What you give back should be exactly the lines from the one with "Once you have" through the final line of the material, pictures removed; please add nothing.

:: Material for the task ::
_ _ _ _ _
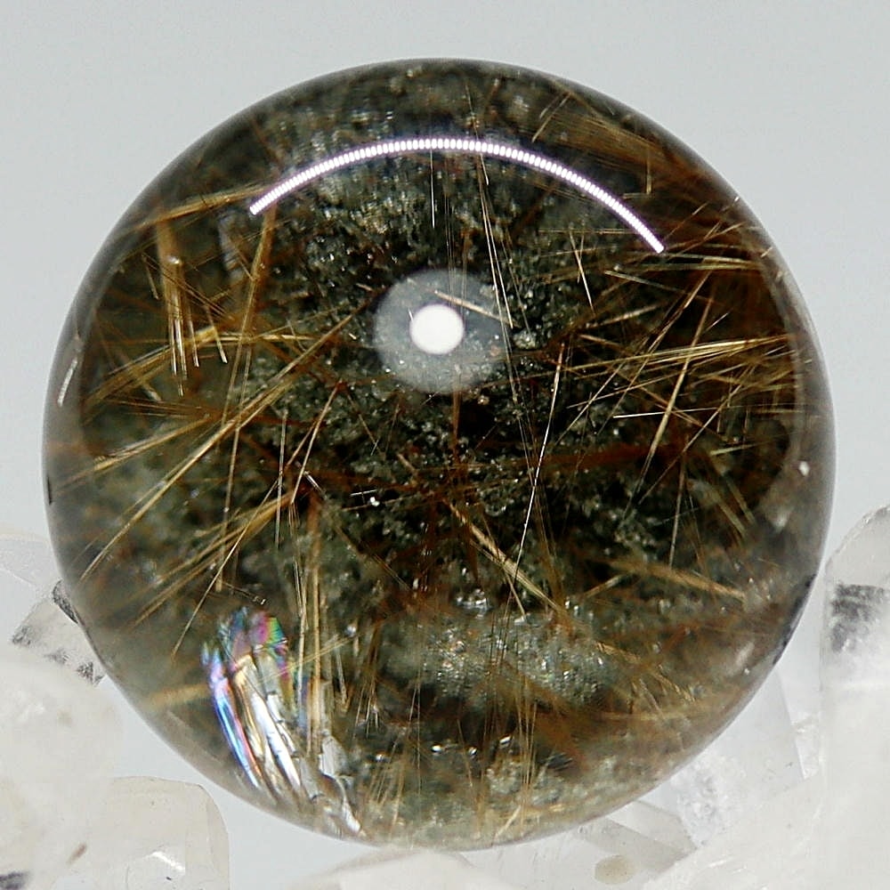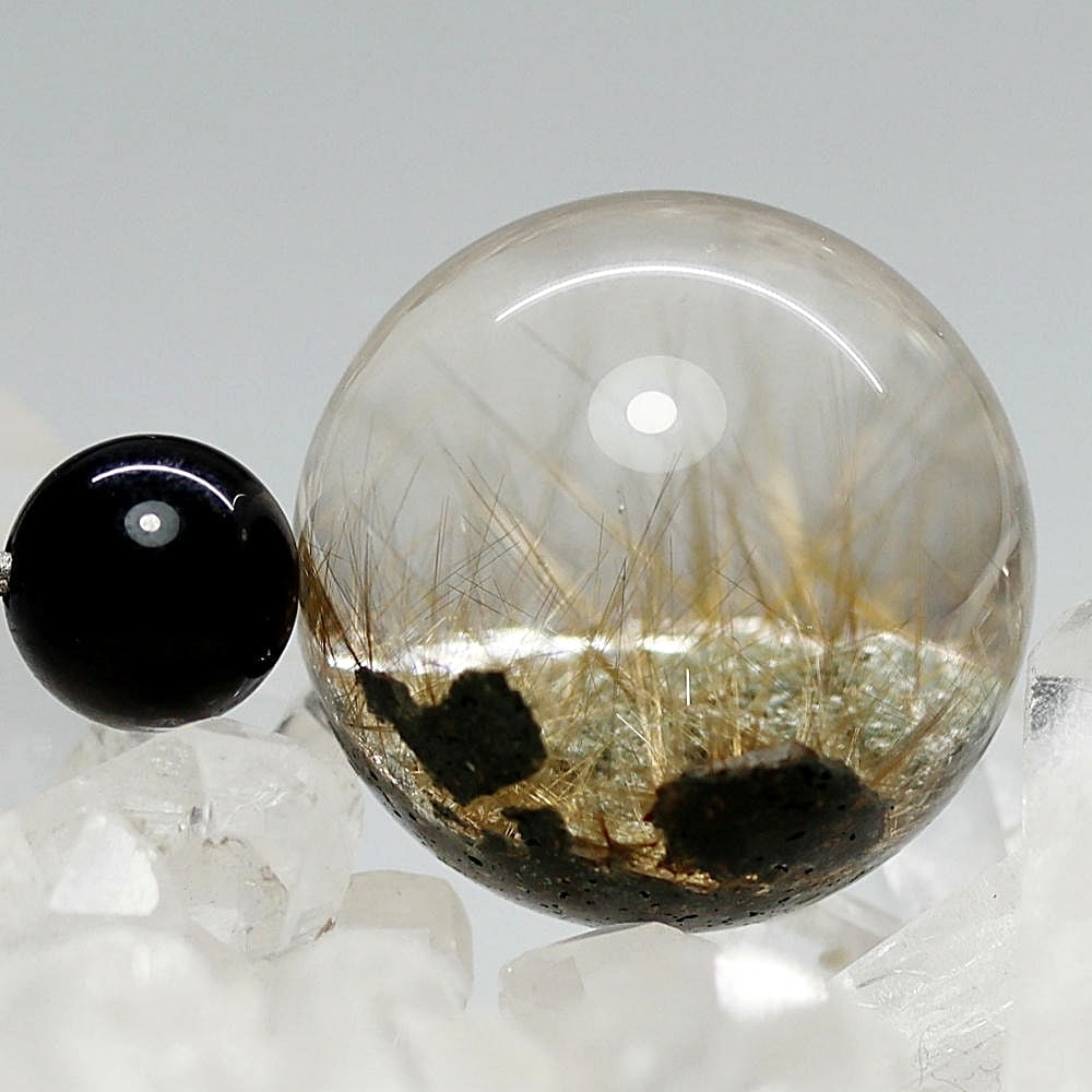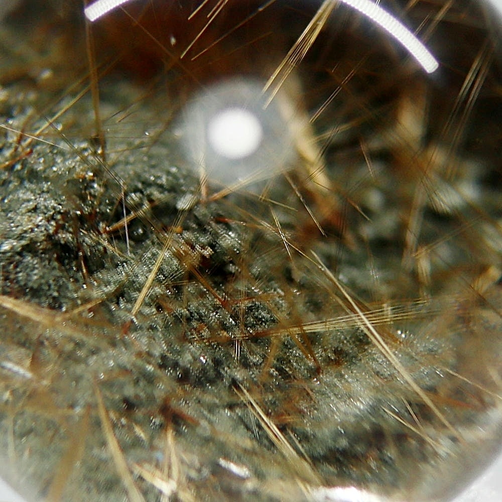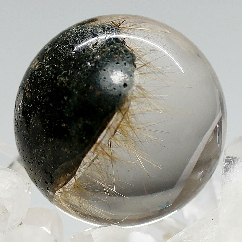 そんなマニハール産ヒマラヤ水晶の中で、非常に透明度の高い水晶にルチルクォーツ針状結晶がインクルージョンされた希少なスフィアをご用意しました。
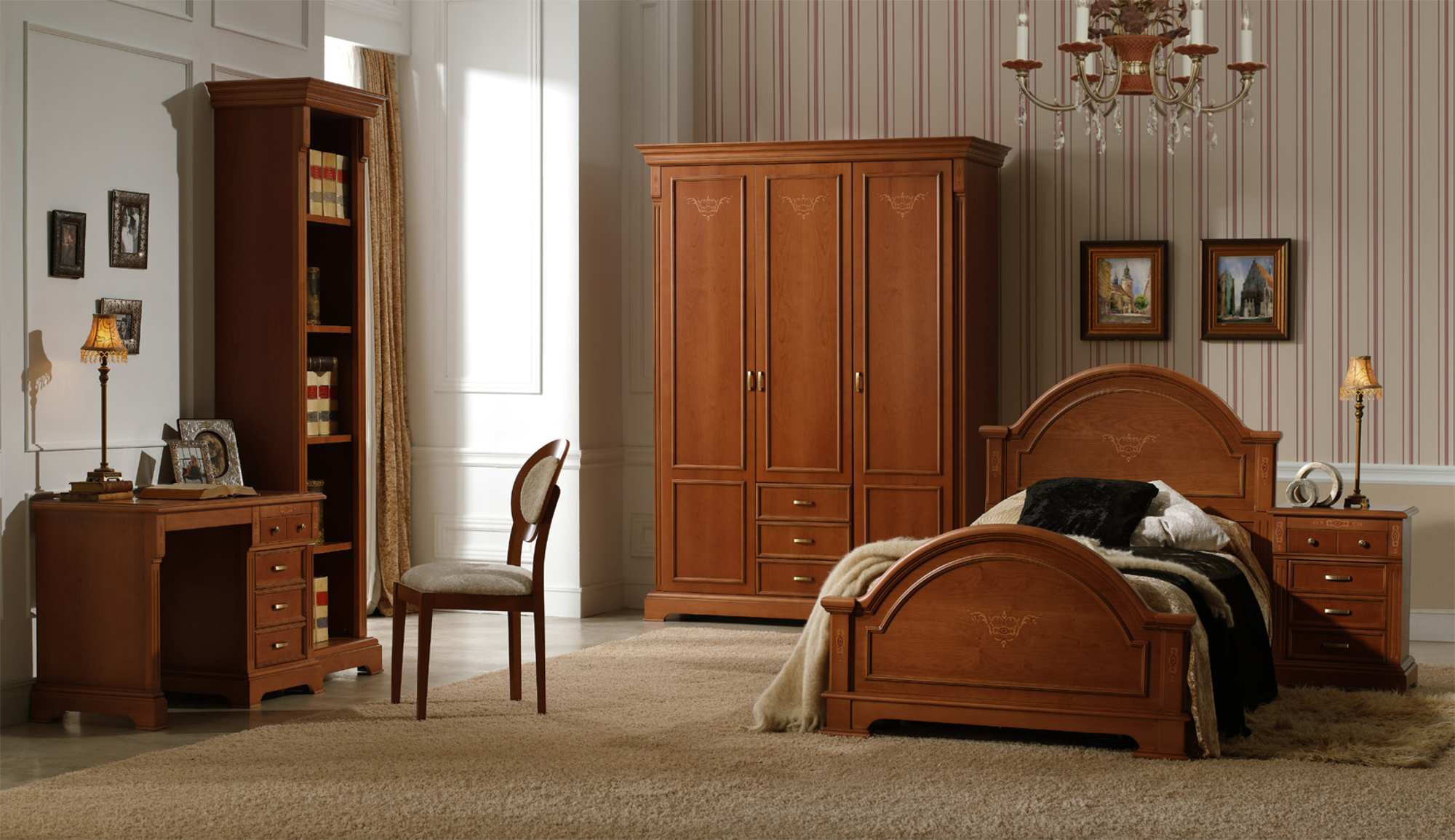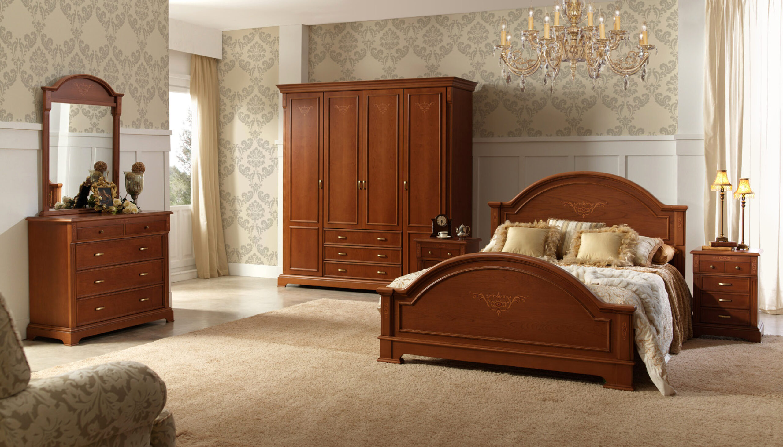 Подходит для классических спален, а также интерьеров в стиле неоклассика, арт-деко и модерн-классик.
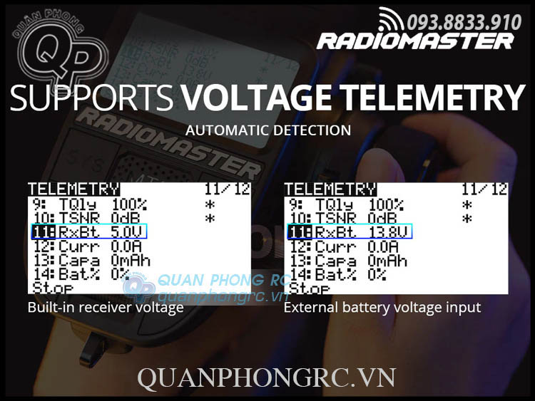 - Tự động phát hiện đo từ xa điện áp của điện áp pin ngoài hoặc điện áp pin bộ thu / ESC BEC
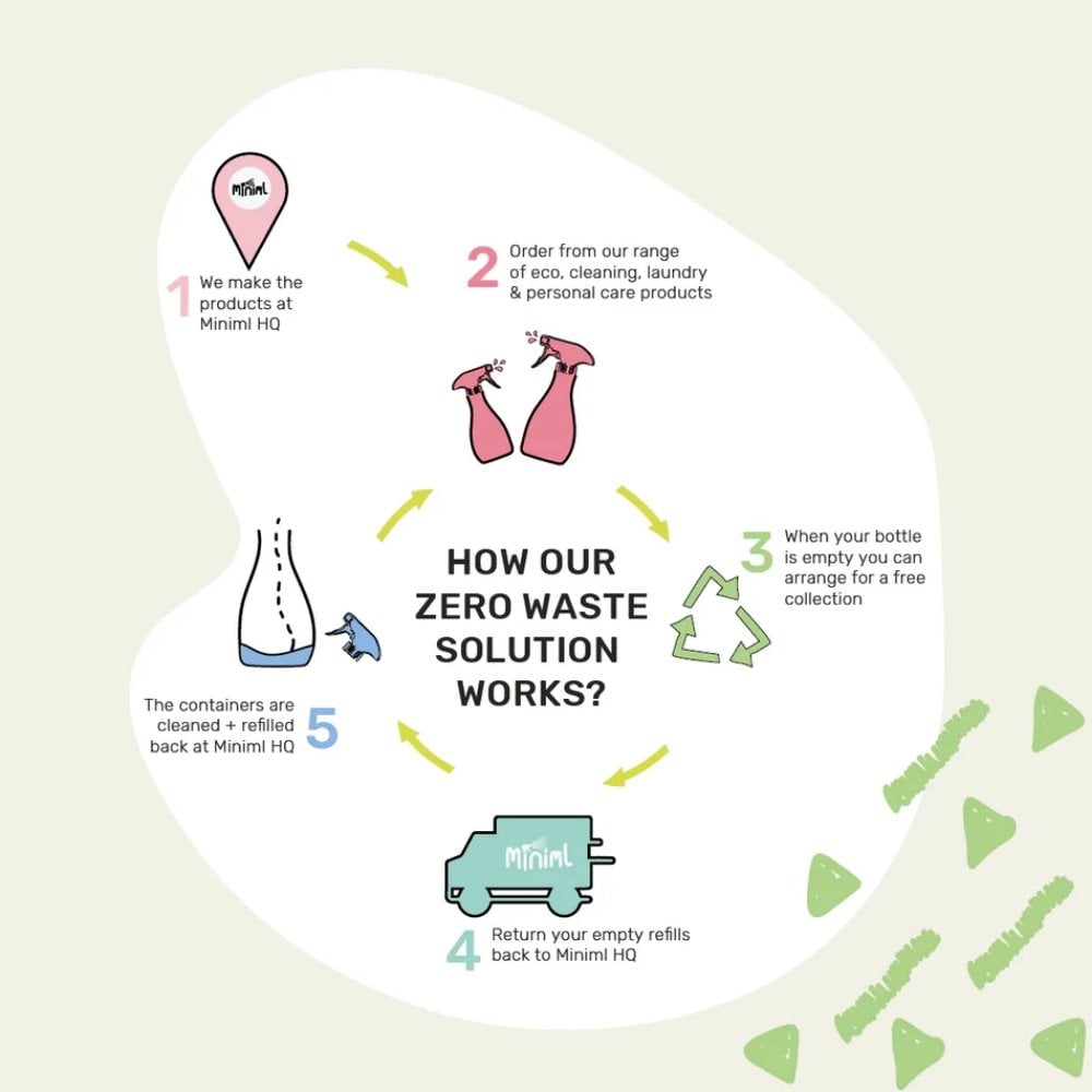 Once you have finished with your empty packaging, you can send it back to Miniml free of charge by scanning the QR code on the back of the packaging or the information card in your order so that it can be cleaned, reused and refilled. This means that there is absolutely no single use plastic going to waste!
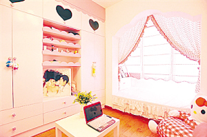 借鉴:单色主题房宜使用多层色彩,以避免单调感。再适当加入爱心、波点等符号元素和柔和的灯光即可。
_ _ _ _ _
:: Your response ::
 Once you have finished with your empty packaging, you can send it back to Miniml free of charge by scanning the QR code on the back of the packaging or the information card in your order so that it can be cleaned, reused and refilled. This means that there is absolutely no single use plastic going to waste!
 借鉴:单色主题房宜使用多层色彩,以避免单调感。再适当加入爱心、波点等符号元素和柔和的灯光即可。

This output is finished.